当然,我不仅要处理 2x2 图像,还要处理更大的图像。 我想应用的蒙版只是 2x2 蒙版的平铺,以满足图像的尺寸。 这在 numpy 中并不难做到,但是当我尝试对tf.data
管道中的张量进行操作时,出现错误:
NotImplementedError: Cannot convert a symbolic Tensor (args_0:0) to a numpy array.
从以下代码:
def bayerize_3d(t_img):
"""
Inputs:
img: tensor of dimension [H, W, 3], where H and W are divisible by 2, color channels are RGB
Outputs:
bayer: bayerized version of img, a tensor of dimension [H, W, 3] (1/3 of the former information)
"""
np_mask = np.zeros_like(t_img)
np_mask[0::2, 0::2, 0] = 1
np_mask[0::2, 1::2, 1] = 1
np_mask[1::2, 0::2, 1] = 1
np_mask[1::2, 1::2, 2] = 1
t_mask = tf.convert_to_tensor(np_mask)
t_bayer = tf.math.multiply(t_img, t_mask)
return t_bayer
对于上下文,我使用 tensorflow 2,并从以下调用bayerize_3d
:
def decode_img(img):
"""Taken from https://www.tensorflow.org/tutorials/load_data/images"""
# convert the compressed string to a 3D uint8 tensor
img = tf.image.decode_png(img, channels=3)
# Use `convert_image_dtype` to convert to floats in the [0,1] range.

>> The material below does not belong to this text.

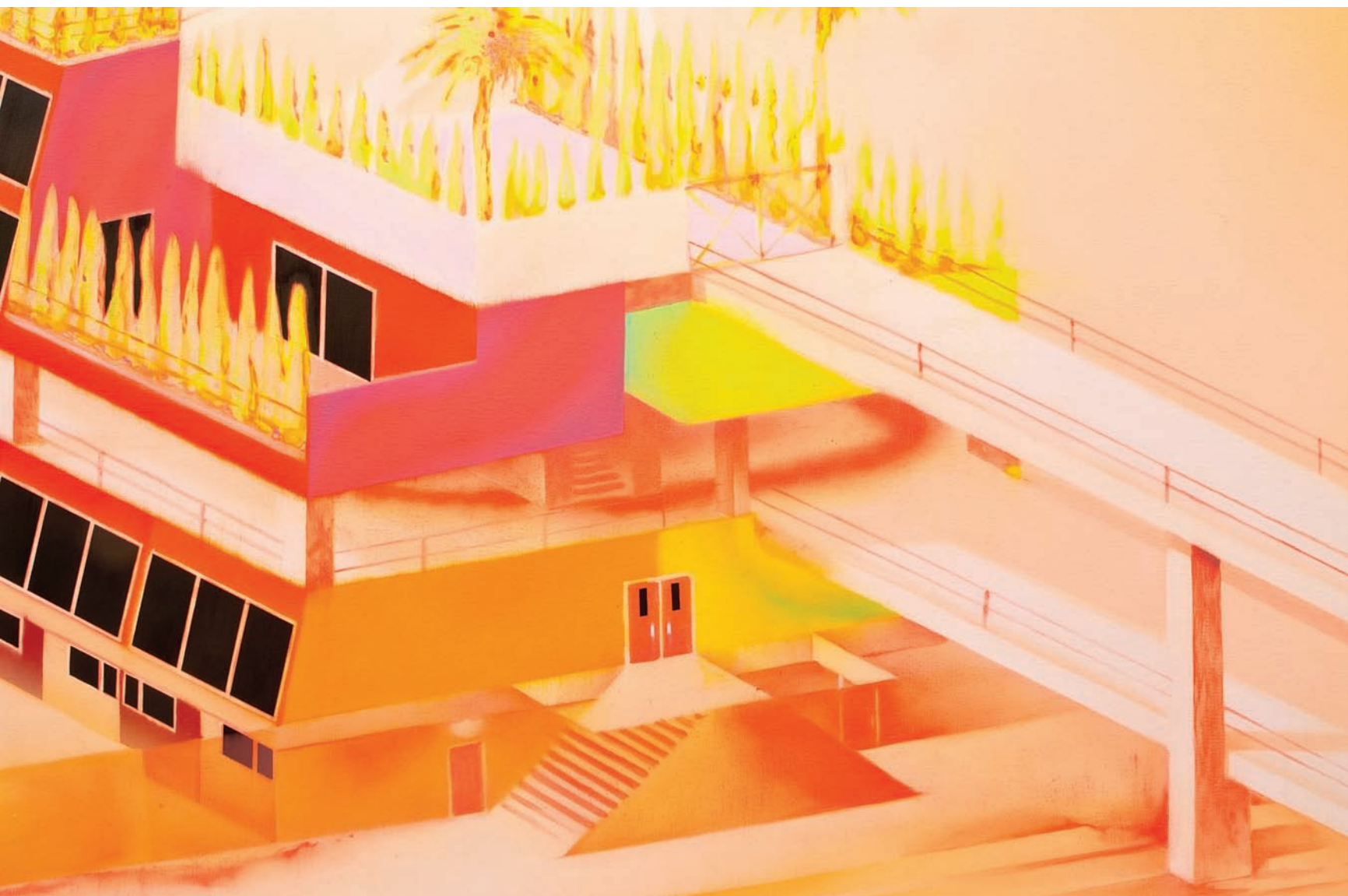
Nicolas Grenier, Vertically Integrated Socialism (Detail).

img = tf.image.convert_image_dtype(img, tf.float32)
return img
def load_vimeo_data(data_dir, dir_list, bayer_option='3d'):
"""Loads Vimeo-90K training / test data as tensorflow dataset, returns tuple of x and y datasets
data_dir - path to vimeo90k training / test dataset directory
dir_list - path to file containing relative directory paths to use for this dataset
bayerize - either '3d' or '4d' - should """
# ugly python 3.5 workaround
target_dir = str( pathlib.Path(data_dir) / 'sequences' )
#directories = list(map(lambda x: str(x), target_dir.glob('*/*')))
directories = []
with open(dir_list, 'rt') as f:
for line in f:
directories.append(str(pathlib.Path(target_dir) / line.strip()))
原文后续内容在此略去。